EXERCISE INSTRUCTIONS:
Line by line, copy the entries exactly, excluding the pictures.

EXERCISE MATERIALS:
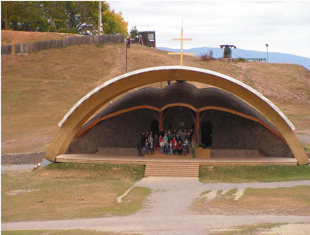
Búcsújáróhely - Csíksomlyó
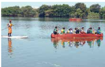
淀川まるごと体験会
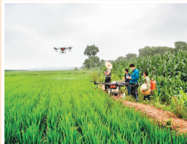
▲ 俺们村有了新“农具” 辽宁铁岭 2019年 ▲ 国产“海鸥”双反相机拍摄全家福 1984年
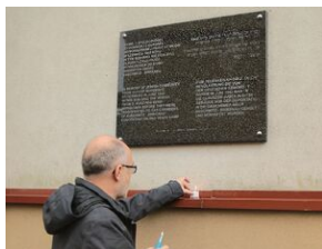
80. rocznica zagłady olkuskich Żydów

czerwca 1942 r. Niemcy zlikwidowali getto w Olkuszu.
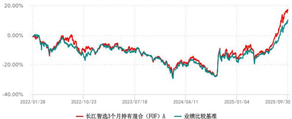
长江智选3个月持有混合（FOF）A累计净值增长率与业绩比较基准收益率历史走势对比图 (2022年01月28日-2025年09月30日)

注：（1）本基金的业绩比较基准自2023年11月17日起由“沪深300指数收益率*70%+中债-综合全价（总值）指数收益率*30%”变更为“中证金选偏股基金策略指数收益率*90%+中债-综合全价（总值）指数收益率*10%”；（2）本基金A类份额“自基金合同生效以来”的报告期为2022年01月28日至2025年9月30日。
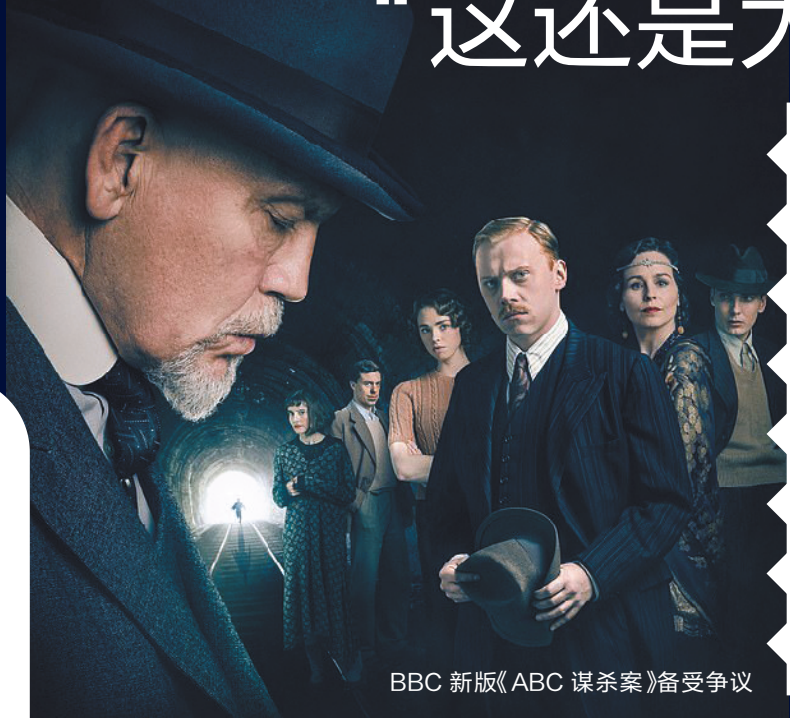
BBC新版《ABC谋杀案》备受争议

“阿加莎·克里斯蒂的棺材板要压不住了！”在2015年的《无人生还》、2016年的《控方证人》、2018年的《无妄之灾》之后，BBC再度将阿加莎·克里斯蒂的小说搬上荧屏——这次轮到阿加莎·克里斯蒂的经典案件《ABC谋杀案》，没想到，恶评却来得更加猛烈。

WRITTEN SOLUTION:
Búcsújáróhely - Csíksomlyó
淀川まるごと体験会
▲ 俺们村有了新“农具” 辽宁铁岭 2019年 ▲ 国产“海鸥”双反相机拍摄全家福 1984年
80. rocznica zagłady olkuskich Żydów

czerwca 1942 r. Niemcy zlikwidowali getto w Olkuszu.
长江智选3个月持有混合（FOF）A累计净值增长率与业绩比较基准收益率历史走势对比图 (2022年01月28日-2025年09月30日)

注：（1）本基金的业绩比较基准自2023年11月17日起由“沪深300指数收益率*70%+中债-综合全价（总值）指数收益率*30%”变更为“中证金选偏股基金策略指数收益率*90%+中债-综合全价（总值）指数收益率*10%”；（2）本基金A类份额“自基金合同生效以来”的报告期为2022年01月28日至2025年9月30日。
BBC新版《ABC谋杀案》备受争议

“阿加莎·克里斯蒂的棺材板要压不住了！”在2015年的《无人生还》、2016年的《控方证人》、2018年的《无妄之灾》之后，BBC再度将阿加莎·克里斯蒂的小说搬上荧屏——这次轮到阿加莎·克里斯蒂的经典案件《ABC谋杀案》，没想到，恶评却来得更加猛烈。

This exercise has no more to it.